Notation:
$I_{k,j}\subseteq (0,1)$ is an interval of length $2^{-k}$.
$\|f\|_p^p=\int_0^1 |f|^p$
$1/p+1/p'=1$
What I got is:
$\large \begin{align*} &2^{kp}\sum_{i=1}^{2^k}\int_{I_{k,j}}[(\int_{I_{k,j}}|f(t)|^p\,dt)2^{-kp/p'}]\,dx\\ &\leq\|f\|_p^p(2^{kp})(2^k)(2^{-k})2^{-kp/p'}\\ &=2^k\|f\|_p^p \end{align*} $
with an extra factor of $2^k$. Did I make any mistake?
I realised my mistake. In my context, $\bigcup_{j=1}^{2^k}I_{k,j}=(0,1)$ (I forgot to mention this).
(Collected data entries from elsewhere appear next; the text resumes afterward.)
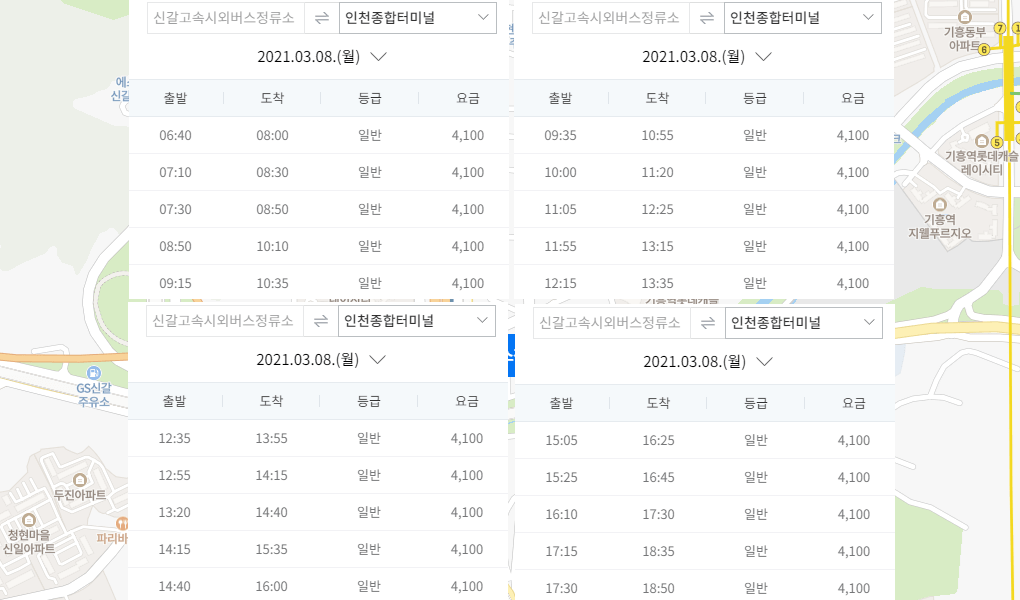 용인신갈고속버스터미널 시간표는 코버스에서 확인 및 예매가 가능합니다. 또한 신갈시외버스터미널 시간표는 버스타고 또는 티머니에서 조회 하고 예매 해야 합니다. 신갈고속시외버스터미널 시간표는 코로나 등으로 인하여 수시로 변경될 수 있으므로 반드시 예매까지 마치는 것이 중요합니다.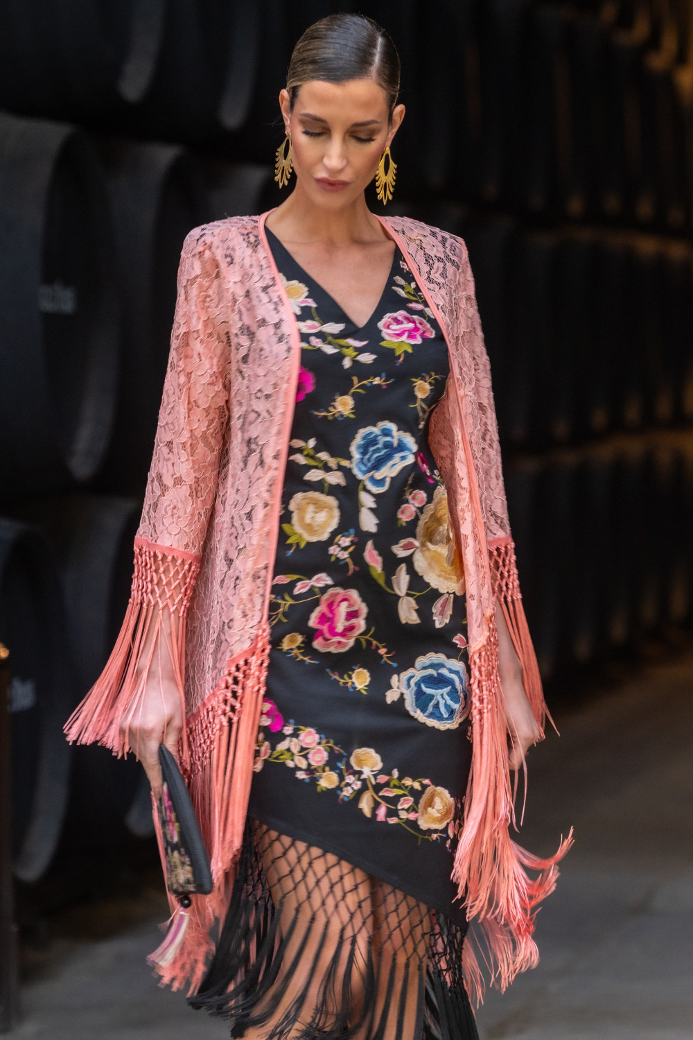 Chaqueta beige encaje terminada en flecos enrejados en mangas y filo.Calidad: 100% Poliéster - Flecos:100% Poliéster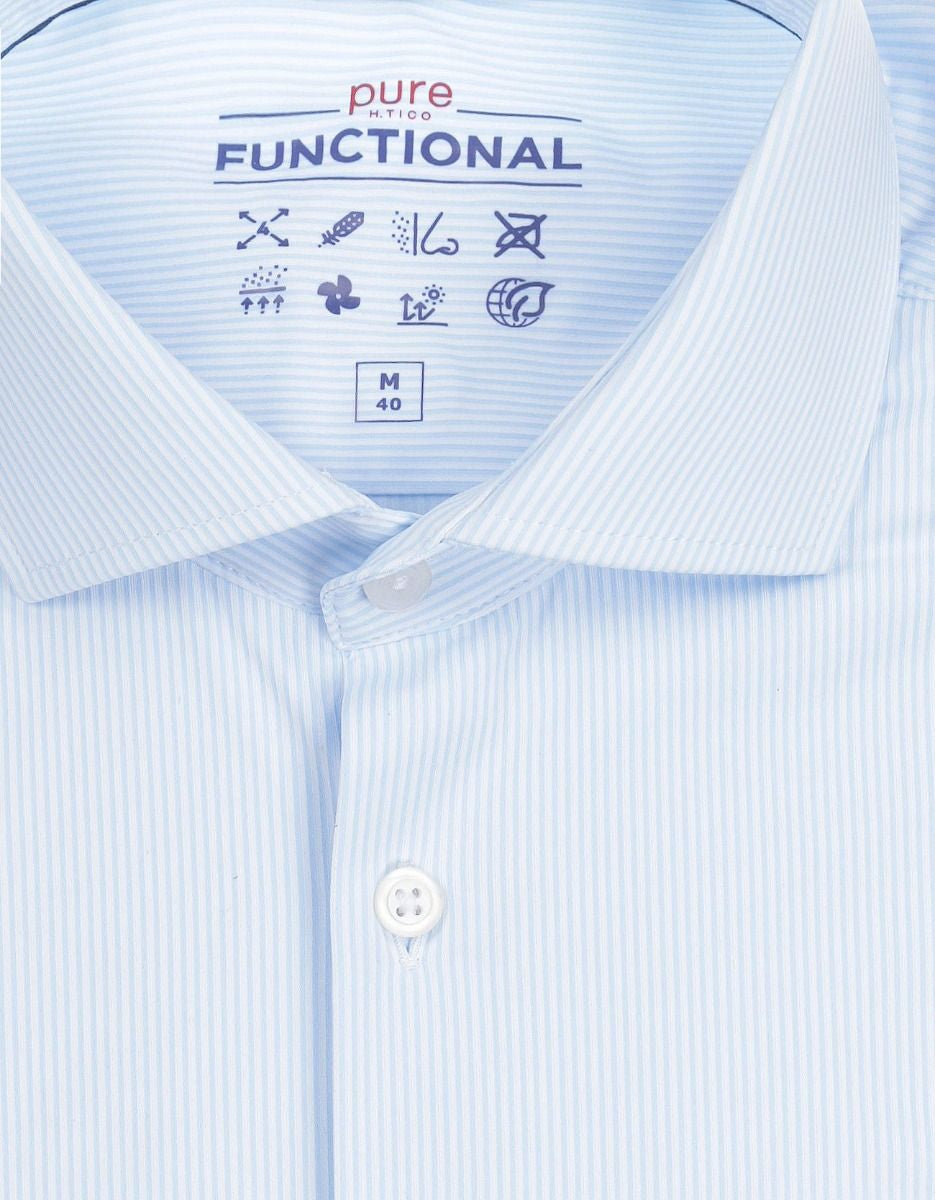 Pure Functional Shirt, this shirt is different from all our other shirts. Pure Functional shirt is made of 87% polyamide and 13% elastane. This high-tech fabric is developed and made in Northern Italy and has its origins in outdoor sports. Thanks to this high-tech fabric, this shirt breathes very well, feels cool (even when it is very warm) and is non-iron. The shirt masks unwanted odors and has a UV 50+ protection. Due to the elastane, this shirt has a "four-way" stretch and the body size also changes per collar size. In short, a perfect fit! (see the dropdown menu "Description" for the size chart)
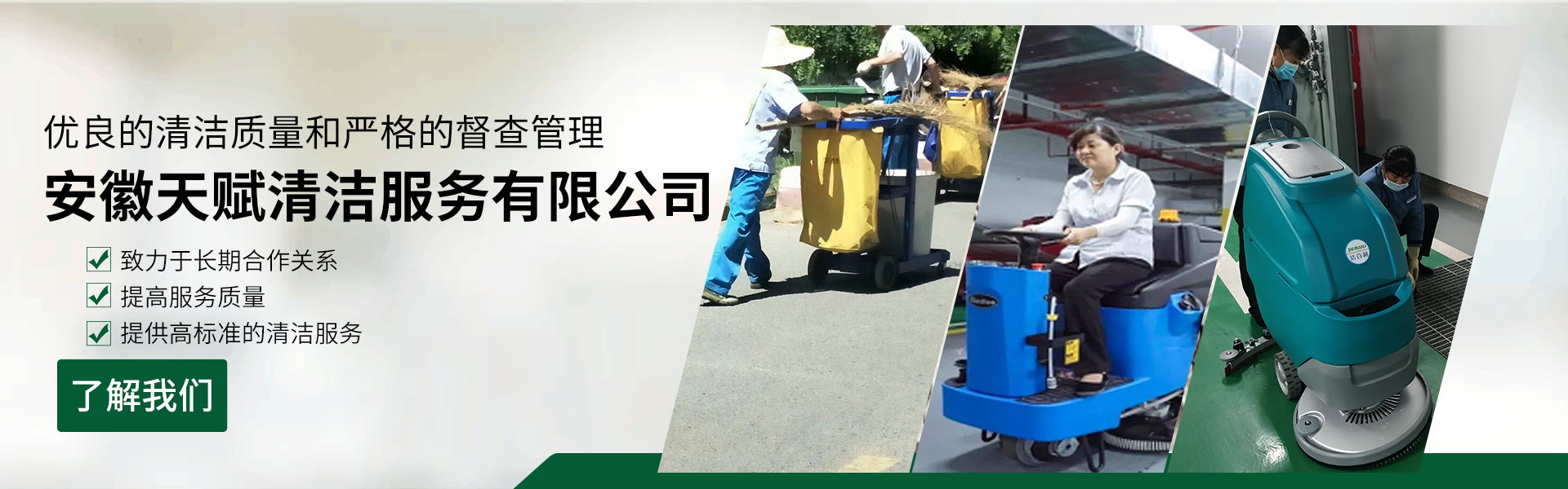 安徽天賦清潔服務(wù)有限公司是的服務(wù)型企業(yè),主要從事道路清潔、物業(yè)托管保潔、工程開荒、高空作業(yè)、地毯清洗、石材翻新等多項(xiàng)服務(wù)為一體的環(huán)保型清潔公司。公司管理機(jī)制完善,清潔作業(yè)經(jīng)驗(yàn)豐富,擁有技術(shù)力量,嚴(yán)格實(shí)行崗前培訓(xùn)—崗中督查—上崗在培訓(xùn)的員工管理措施,憑著優(yōu)良的清潔質(zhì)量和嚴(yán)格的督查管理,為眾多企事業(yè)單位、醫(yī)院、酒店、廠區(qū)商場(chǎng)、物業(yè)、道路、學(xué)校、公園等提供后勤清潔服務(wù)。在業(yè)內(nèi)擁有良好的口碑。工作人員,服務(wù)態(tài)度優(yōu),竭力為客戶提供好的保潔服務(wù)。安徽天賦清潔服務(wù)有限公司:致力于長期合作關(guān)系,提高服務(wù)質(zhì)量,提供高標(biāo)準(zhǔn)的清潔服務(wù)。公司的經(jīng)營理念:為營造一個(gè)更清潔、亮麗的生活和工作環(huán)境而努力!“誠信”是公司成功保證。“客戶至上,信譽(yù)為首”是公司宗旨。高標(biāo)準(zhǔn)提供服務(wù),維護(hù)客戶利益、形象,是我始終不渝的目標(biāo)。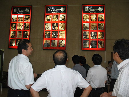 閆亞明院長(zhǎng)首先陪同客人參觀了鄭州院科技成果展覽以及“名人與煙”、“百姓與煙”等宣傳畫(huà),來(lái)訪客人們?cè)谛麄鳟?huà)前駐足良久,饒有興趣地爭(zhēng)相猜測(cè)名人的名字。周昌貢總經(jīng)理表示,這個(gè)創(chuàng)意非常好,反映了煙民的普遍性,看到他們,我們的工作才更有動(dòng)力。

Gordon managed to solve it correctly though.
Note that \begin{align*} 2^{kp}\sum_{i=1}^{2^k}\int_{I_{k,j}}[(\int_{I_{k,j}}|f(t)|^p\,dt)2^{-kp/p'}]\,dx &= 2^{kp}\sum_{i=1}^{2^k} 2^{-k} 2^{-kp/p'}\int_{I_{k,j}}|f(t)|^p\,dt\\ &=2^{kp-k-kp/p'}\int_0^1|f(t)|^p\,dt\\ &=2^{kp-k-kp(1-1/p)}\int_0^1|f(t)|^p\,dt\\ &=\int_0^1|f(t)|^p\,dt. \end{align*}